15th януари 2019

QTLeap Resources

QTLeap Language Resources and Tools Developed by BulTreeBank Group

Knowledge-based Word Sense Disambiguation Resources

The following sets of relations are compiled within QTLeap Project. They are tested with the
UKB system.
The format of the relations are as required by the UKB system:

u:nodeid v:nodeid s:Source d:D

where nodeid is node identifier. Usually, nodeid is a synset id – wnid.
In the sets below all synset ids are from WordNet 3.0.
Source describes the source of the relation. D is 0 or 1 and determines
whether the relation is directed (1) or undirected (0).
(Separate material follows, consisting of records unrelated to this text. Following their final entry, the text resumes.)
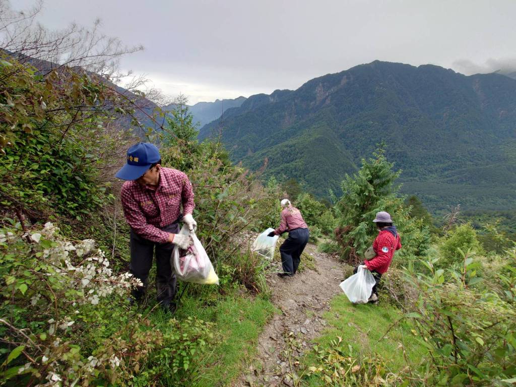 17日一早來自各單位的員工、志工們,分組前往昆陽、武嶺、合歡山遊客服務中心、小風口、畢祿山登山口、石門山、小奇萊等地進行淨山活動。參與淨山的伙伴不畏山風凜冽、山徑崎嶇,帶著好心情努力清理垃圾,不時從帶刺的高山薔薇叢中挖出飲料罐或追著被風吹跑的塑膠袋或將停車場上的煙蒂、果皮、衛生紙一一撿拾出來,最後總共清理出40多包約85公斤重的垃圾。
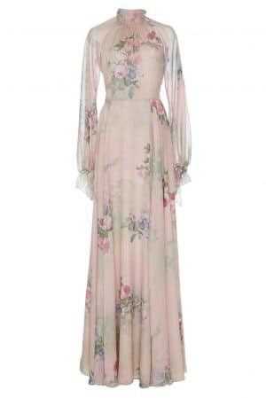This silk chiffon maxi dress is cut from an airy silk-chiffon that’s patterned with a blooming wildflowers motif. It has sheer blouson sleeve and is fully lined along the bodice for moderate coverage before falling to a fluid floor-length hem. The funneled neckline and cinched waistline is a modern interpretation of Victorian-era styles.
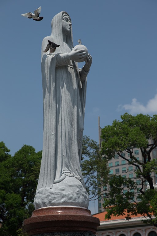 Die Statue vor der Kirche mit tieffliegenden Tauben.
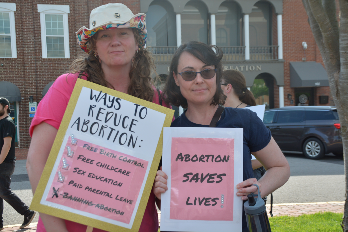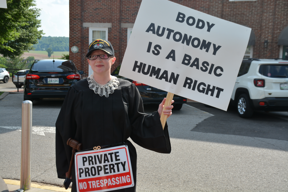 Clarksville NowProtesters holding signs in response to Supreme Court leaked Roe v. Wade documents on May 13, 2022. (Angela Peterson)
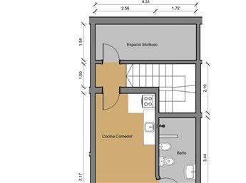Monoambiente en primer piso por escalera con estar, cocina integrada, dos espacios multiusos (uno en planta baja con entrada propia y otro dentro del apartamento) que pueden ser utilizados como dormitorios, escritorios o lugares de guardado y baño. Calefacción por Aire acondicionado Split.
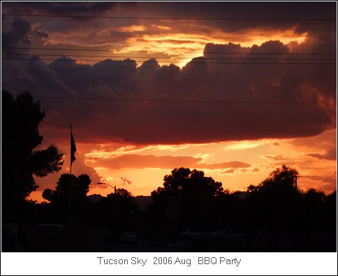 這天的夕陽很美的!土桑的傍晚只要天邊有雲層就會讓夕陽變得很多采多姿,隨著太陽一點點往下降,天空中的色彩和光線也會跟著變化出各式各樣不同的姿色。可惜小豬想到的時候已經有點晚了,從Party的地方要走到好照的角度有一段距離,短腿小豬竟比不上太陽落下的速度,所以沒照到更漂亮的照片。
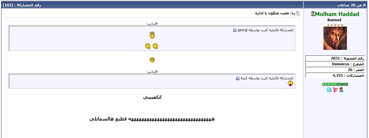 - لما بتشوفو مشاركة سيئة او مكررة او مو بمحلها او فيا شي مو منيح , لا تردو عليها او تحاورو صاحب المشاركة او تقتبسو من المشاركة لأنو رح تنحزف او تتعدل , وانما كبسو على "التقرير بمشاركة سيئة" و نحن منتصرف.
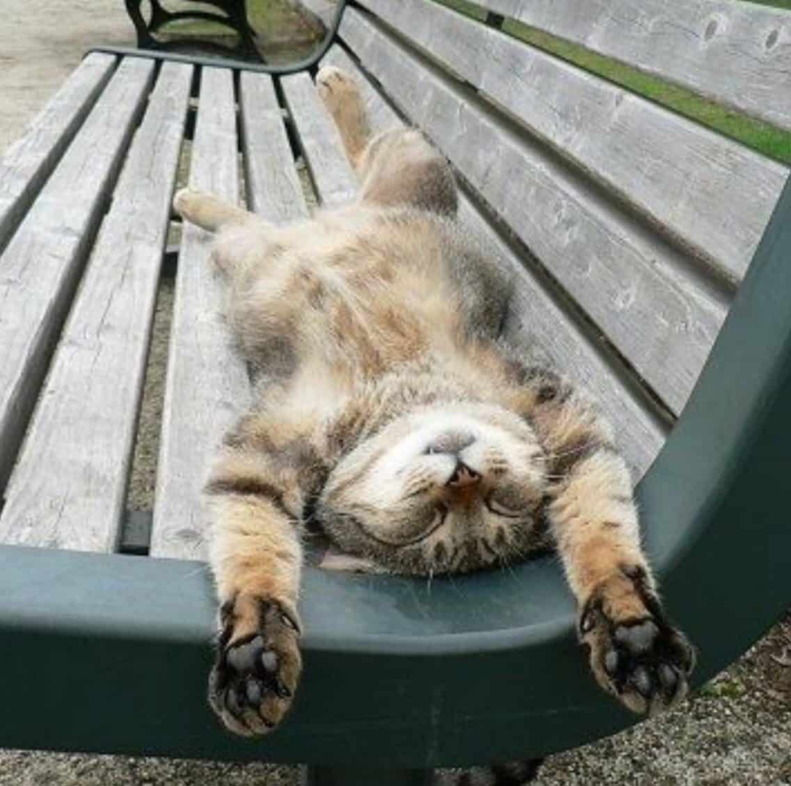 3. When it comes to bus seats and park benches, we all hope and pray no strangers sit next to us. One feline solved this issue simply by stretching out as far as possible across her bench. Good luck trying to fit anyone else on there!

Relations extracted from the logical analysis of Princeton WordNet glosses

These relations are extracted from
eXtended WordNet (XWN).
XWN provides semantic annotation of the words in the glosses of synsets in WordNet.
Additionally it contains a parse of the gloss and a logical form of the gloss.
For example, the synset { disyllable, dissyllable }06290539-n,
is defined by a word having two syllables.
After the analysis, the following synsets are selected:
06286395-nword, 06304671-nsyllable,
02203362-vhave. The logical form for this gloss in XWN is the following:

 disyllable:NN(x1) -> 
  word:NN(x1) have:VB(e1, x1, x2) 
  two:JJ(x2) syllable:NN(x2) 

In our opinion, each predicate that originates
from a verbal, adjectival, adverbial, or prepositional
lemma expresses an event. In the example, have:VB(e1, x1, x2)
denotes the event of holding
of object denoted by x2 by the object denoted by x1.
Both of these objects are participants of the event of holding e1.
From this we extract the following relations:

  u:02203362-v v:06286395-n
  u:02203362-v v:06304671-n
  u:06286395-n v:06304671-n

In the case of the synset { ice-cream cone } defined by ice cream in a crisp conical wafer
the following logical form is presented:

 ice-cream_cone:NN(x1) -> 
  ice_cream:NN(x1) in:IN(x1, x2) 
  crisp:JJ(x2) conical:JJ(x2) 
  wafer:NN(x2)   

From it we have extracted relations between ice cream and wafer
on the basis of the predicate in:IN(x1, x2), also between crisp and
wafer, conical and wafer, and between crisp and conical
in the appropriate senses.

Thus, here is a set of relations extracted from the logical analysis of
Princeton WordNet glosses (represented in XWN) including the following main type of relations:

  • verb-noun relations on the basis of event-participants relations;
  • adjective-noun relations on the basis of event-participants relations where we assume that adjective denote a kind of event;
  • noun-noun relation on the basis of two nouns related by a preposition;
  • adjective-adjective on the basis two adjectives modifying the same noun; and some others.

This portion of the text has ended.